README
¶
GoSecretScanv2
GoSecretScanv2 is an engineering-focused security scanner that detects secrets, API keys, credentials, and common security misconfigurations using deterministic analysis plus optional LLM-based verification.
Features
Core Detection
- 70+ Detection Patterns: Comprehensive regex patterns for detecting:
- Cloud provider credentials (AWS, Azure, GCP)
- API keys and tokens (GitHub, Slack, JWT)
- Private keys (SSH, RSA, PGP)
- Database connection strings
- Basic authentication credentials
- Security vulnerabilities (XSS, SQL injection patterns)
Advanced Intelligence
-
Shannon Entropy Analysis:
- Calculates randomness of detected strings
- Identifies high-entropy secrets vs low-entropy false positives
- Entropy scoring (0-8 bits) for each finding
-
Context-Aware Detection:
- Automatically detects test files, mocks, and examples
- Identifies comments, documentation, and templates
- Recognizes placeholders and environment variable templates
- Filters false positives from regex pattern definitions
-
Confidence Scoring System:
- Every finding rated: Critical, High, Medium, or Low
- Combines entropy analysis + context detection + pattern matching
- Only reports medium confidence or higher (low confidence filtered out)
- Prioritizes critical findings first
-
Smart Filtering:
- Skips false positives automatically
- Handles large files and minified code (1MB line buffer)
- Pattern definition detection
LLM-Powered Verification (beta)
-
LLM Verification:
- Uses IBM Granite 4.0 Micro (GGUF, Q4 quantized, ~450MB)
- Provides structured reasoning for each decision
-
Semantic Embedding Search:
- Generates embeddings for each finding
- Searches for similar patterns across the codebase
- Reuses historical verifications for similar matches
-
Vector Store:
- SQLite-based vector database
- Caches verified findings
- Enables incremental learning
- Fast similarity search
-
Code Context Analysis:
- Parses code structure (functions, imports)
- Understands programming language syntax
- Gathers surrounding code for context
- Identifies test vs production code
Enabling LLM Verification:
# Download the model first (one-time setup)
./scripts/download-models.sh
# Start the llama.cpp HTTP server (runs on :8080 by default)

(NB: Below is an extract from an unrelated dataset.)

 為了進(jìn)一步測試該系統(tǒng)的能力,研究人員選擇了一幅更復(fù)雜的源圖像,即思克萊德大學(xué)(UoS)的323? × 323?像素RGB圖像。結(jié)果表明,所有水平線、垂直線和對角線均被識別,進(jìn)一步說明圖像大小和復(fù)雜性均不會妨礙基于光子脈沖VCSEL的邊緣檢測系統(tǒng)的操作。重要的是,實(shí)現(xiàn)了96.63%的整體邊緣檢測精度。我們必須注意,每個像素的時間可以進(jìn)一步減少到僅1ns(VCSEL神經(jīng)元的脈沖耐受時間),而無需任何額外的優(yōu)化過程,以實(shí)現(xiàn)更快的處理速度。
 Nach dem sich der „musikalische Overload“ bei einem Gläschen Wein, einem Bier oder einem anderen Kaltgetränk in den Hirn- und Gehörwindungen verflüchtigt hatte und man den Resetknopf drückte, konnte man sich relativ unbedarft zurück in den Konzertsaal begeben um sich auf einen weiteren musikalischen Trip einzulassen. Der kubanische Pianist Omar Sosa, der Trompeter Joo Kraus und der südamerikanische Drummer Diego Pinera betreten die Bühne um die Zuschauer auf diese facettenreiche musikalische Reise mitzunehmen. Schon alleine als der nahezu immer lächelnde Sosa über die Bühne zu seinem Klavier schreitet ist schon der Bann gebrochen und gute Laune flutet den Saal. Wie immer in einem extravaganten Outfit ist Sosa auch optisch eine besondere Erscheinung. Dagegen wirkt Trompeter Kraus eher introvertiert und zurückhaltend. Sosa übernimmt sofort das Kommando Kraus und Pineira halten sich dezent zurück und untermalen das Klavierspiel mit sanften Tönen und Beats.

./scripts/run-llama-server.sh
# In a different terminal, run with LLM verification
./gosecretscanner --llm
# Custom model path
./gosecretscanner --llm --model-path=/path/to/granite-4.0-micro.Q4_K_M.gguf
# Point to a remote llama.cpp endpoint
./gosecretscanner --llm --llm-endpoint=http://localhost:8080
# Run the llama.cpp server in the background via Docker
DETACH=true PORT=8080 HOST_NETWORK=true SERVER_PORT=8080 ./scripts/run-llama-server.sh
# Adjust similarity threshold for vector search
./gosecretscanner --llm --similarity=0.9
Environment Variables:
# Enable LLM verification
export GOSECRETSCANNER_LLM_ENABLED=true
# Set model path
export GOSECRETSCANNER_MODEL_PATH=.gosecretscanner/models/granite-4.0-micro.Q4_K_M.gguf
# Override the llama.cpp endpoint (defaults to http://localhost:8080)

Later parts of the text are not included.